Lenvatinib, Free Base

Soluble in DMSO. Lenvatinib, also known as E7080, is an active inhibitor of multiple receptor tyrosine kinases, with IC50 values of 22 nM (VEGFR1), 4 nM (VEGFR2), 5.2 nM (VEGFR3), 46 nM (FGFR1), 51 nM (PDGFRa), 39 nM (PDGFRb), and 100 nM (KIT). It inhibited SCF- and VEGF-induced angiogenesis of human umbilical vein endothelial cells that express the SCF receptor KIT, with IC50 values of 5.2 nM and 5.1 nM, respectively. Lenvatinib inhibited tumor growth in the human small cell lung cancer H146 xenograft model. Matsui J., et al. 'E7080, a novel inhibitor that targets multiple kinases, has potent antitumor activities against stem cell factor producing human small cell lung cancer H146, based on angiogenesis inhibition.' Int.

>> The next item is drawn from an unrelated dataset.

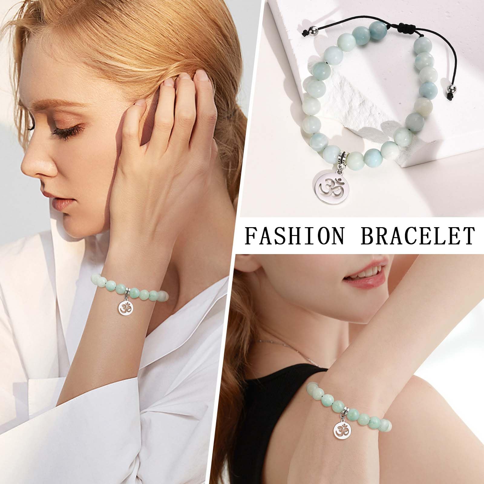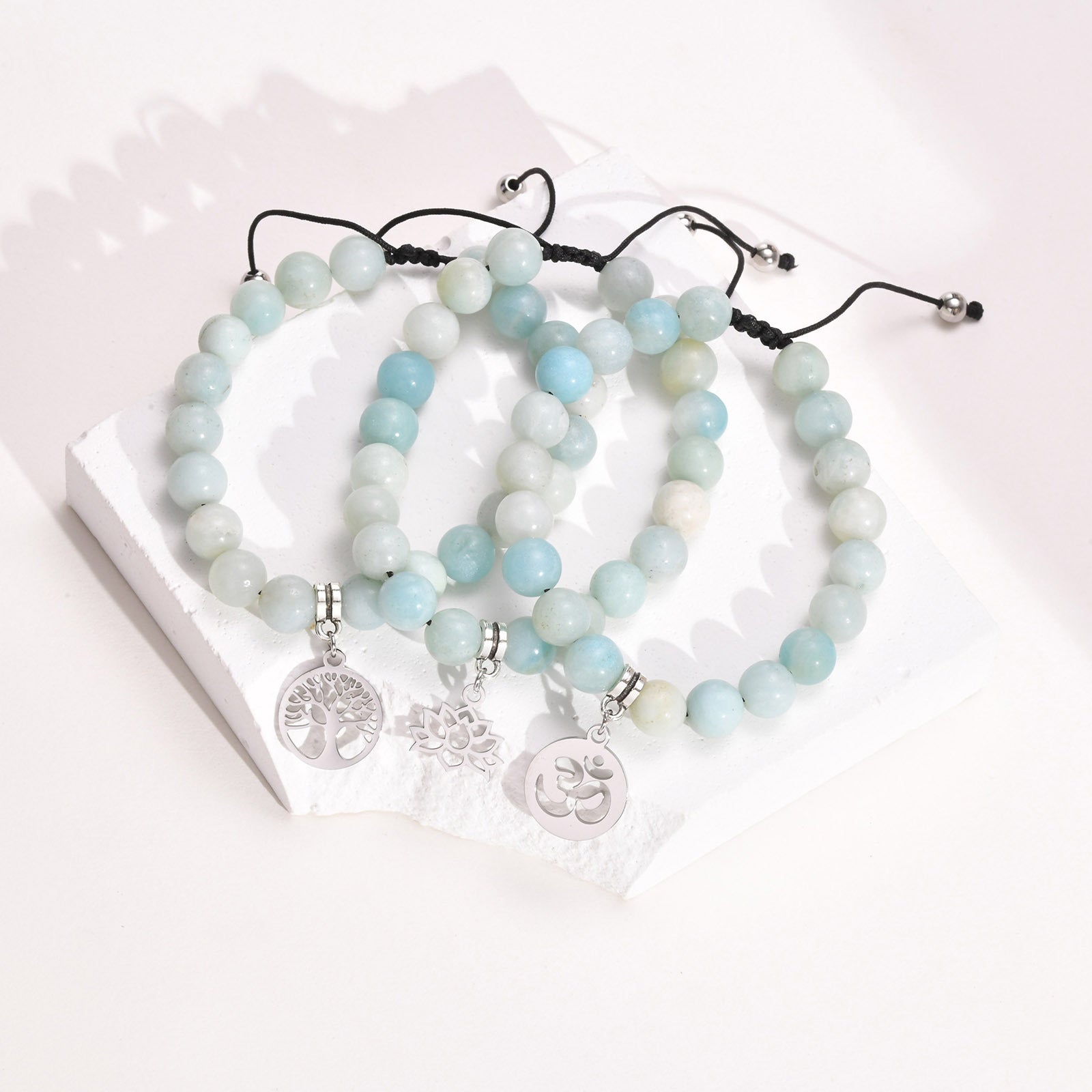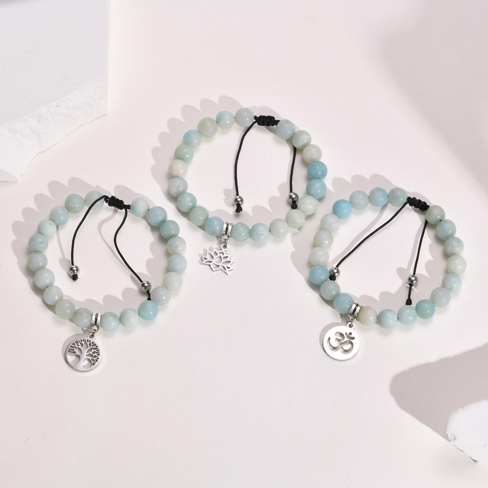 Rockyu レディース 天然石ブレスレット 蓮花・生命の樹・オームモチーフ ステンレスペンダント 金属アレルギー対応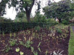It took us three days to plant out the area, we placed out the plants in groups of fives so as to repeat the colour and textures along the breadth of the border. The most challenging thing was making certain the heights descended from the back and the colours and leaf shape did not clash or repeat too often. The plants will take about two years to establish properly; in this time they will be watered and fed in the spring and over the summer months. Next spring the plants will hopefully grow away healthily after their first winter and provide us all with a fantastic display of colour and foliage.

J. Cancer 122: 664-671 (2008). This research compound is the free base form of lenvatinib. We also plan to offer the methanesulfonate salt form, please see Cat. No. L-5433, Lenvatinib, Methanesulfonate Salt. The methanesulfonate salt form will be added to our website as soon as the first lot is ready for shipment. The maximum tolerated dose (MTD) for lenvatinib with carboplatin/paclitaxel is 4?mg BID in advanced non-small cell lung cancer patients. Lenvatinib at the MTD demonstrated tolerability and encouraging antitumor activity. Nishio M., et al. 'Phase 1 study of lenvatinib combined with carboplatin and paclitaxel in patients with non-small-cell lung cancer.' Br. J. Cancer 109: 538-544 (2013). Lenvatinib had manageable toxicity and showed preliminary activity for durable disease control. The antiangiogenic activity of lenvatinib might be correlated with its antitumor activity in patients with a wide range of solid tumors. Yamada K., et al. 'Phase I dose-escalation study and biomarker analysis of E7080 in patients with advanced solid tumors.' Clin. Cancer Res. 17: 2528-2537 (2011).